4. Diverse Output Formats
Webhound provides three distinct types of outputs to suit different needs:
- Reports (Unstructured): Cited long-form analysis where every claim links to a source. These can be exported to Word or HTML.
- Datasets (Structured): Custom tables where every cell is sourced. Users define the columns, and rows are returned in CSV, JSON, or Excel formats.
- Claims + Traces (Agent-Optimized): Facts delivered as JSON so your agent can consume, filter, and cite results directly in code.
How to Use Webhound
Using Webhound is straightforward, whether you are integrating it into a technical workflow or using it as a standalone app.
Setting up the MCP
Webhound runs as a tool call inside various clients such as Claude Code, Codex, and Manus. By setting up the Model Context Protocol (MCP), you can kick off a research job, continue with other work, and read the structured results back without ever leaving your agent environment.
Using the UI
For hands-on research, the Webhound UI allows you to:
- Input a research prompt and set a dollar budget.
- Watch the engine plan and execute tasks in real-time.
- Steer the research if you see a specific lead you want to prioritize.
- Explore the evidence behind every claim via the interactive interface.
Use Cases for Webhound
Webhound is ideal for questions that a "top-of-page" skim often gets wrong.
- Competitive Intelligence: Catch competitor moves that standard searches miss, such as quiet launches, pricing changes, or feature gates buried in changelogs.
- Market Mapping: Build a sourced competitive map or a dataset of hundreds of companies with specific criteria (e.g., companies with interactive demos).
- Literature Reviews for Code: Before building, have Webhound run a survey of current techniques, benchmarks, and failure modes across dozens of sources to ensure you are building on the state of the art.
- Due Diligence: Conduct company teardowns with market maps, red flags, and regulatory exposure where every claim is cited and single-source claims are flagged.

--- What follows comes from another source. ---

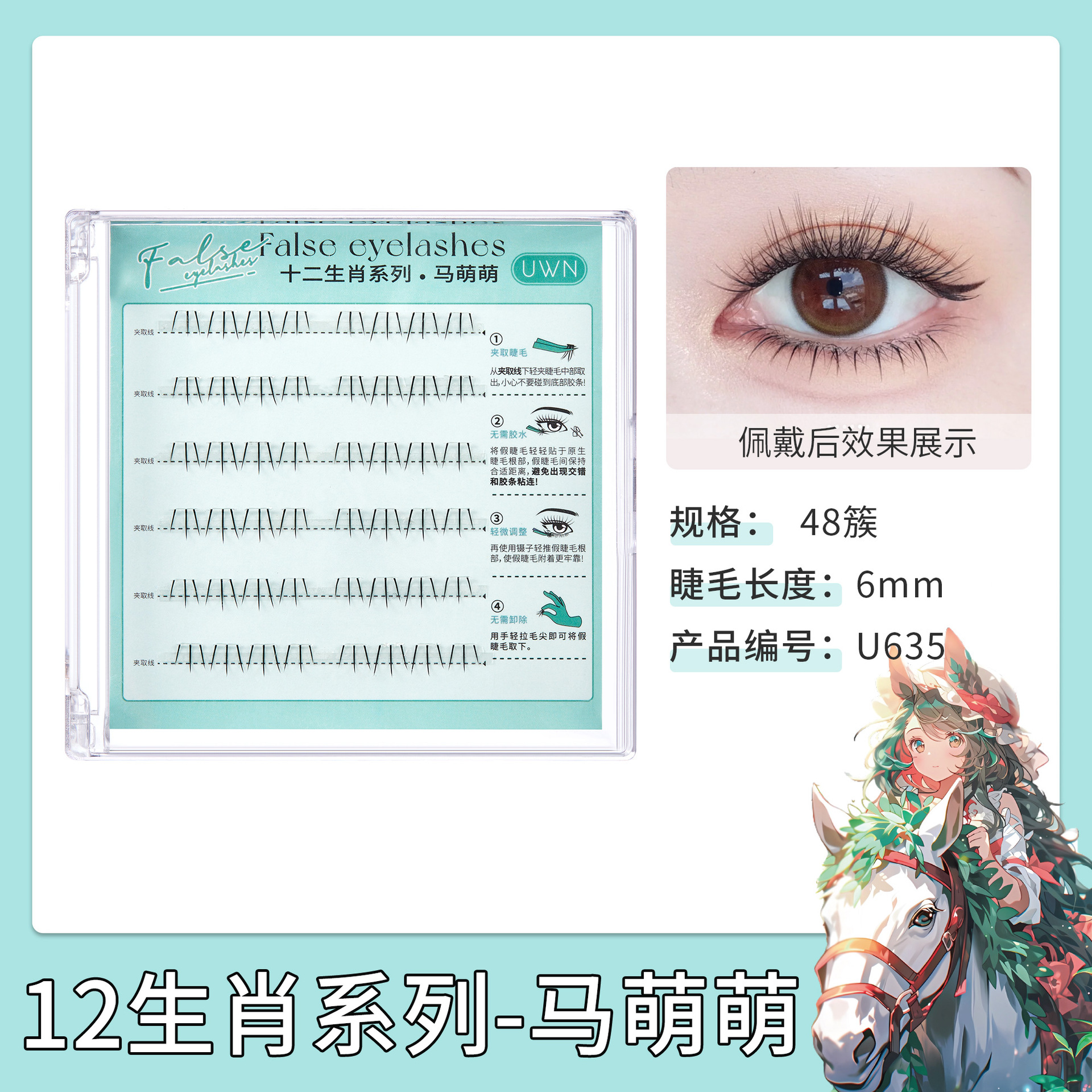 UWN Zodiac 시리즈 접착제가없는 거짓 속눈썹 Ma Mengmeng 낮은 속눈썹 작은 플래시 두껍고 오래 지속되는 자체 접착 속눈썹

- List Enrichment: Turn a list of companies into sourced rows containing decision-makers, tech stacks, and funding stages, all traceable to the original source.
"Webhound is significantly more effective than the vanilla deep research products I've used." — Lyron
FAQ
Should I use the UI or the MCP? Use the UI when you want to drive, verify, and share research manually. Use the MCP or API when you want an agent to run research autonomously or when building a data pipeline.
What is Hound? Hound is the research harness (currently version 1.0) that powers Webhound, utilizing DeepSeek V4 Pro and GPT-5.4 to conduct investigations.
How much does Webhound cost? Webhound uses a pay-as-you-go model with no subscription. You pay for work done: approximately $1 for 15 minutes of thinking time. New accounts receive $5 free, which is roughly 75 minutes of research.
What sources can Webhound reach? Webhound can access the open web, including SEC filings, PDFs, primary documents, Reddit forums, social channels, and YouTube transcripts.
When does the research stop? The research stops once your set budget is reached. This ensures the depth of the investigation is a dial you control.
What does my agent get back? Agents receive structured JSON containing claims, confidence levels, sources, and the full trace of tool calls used to find the information.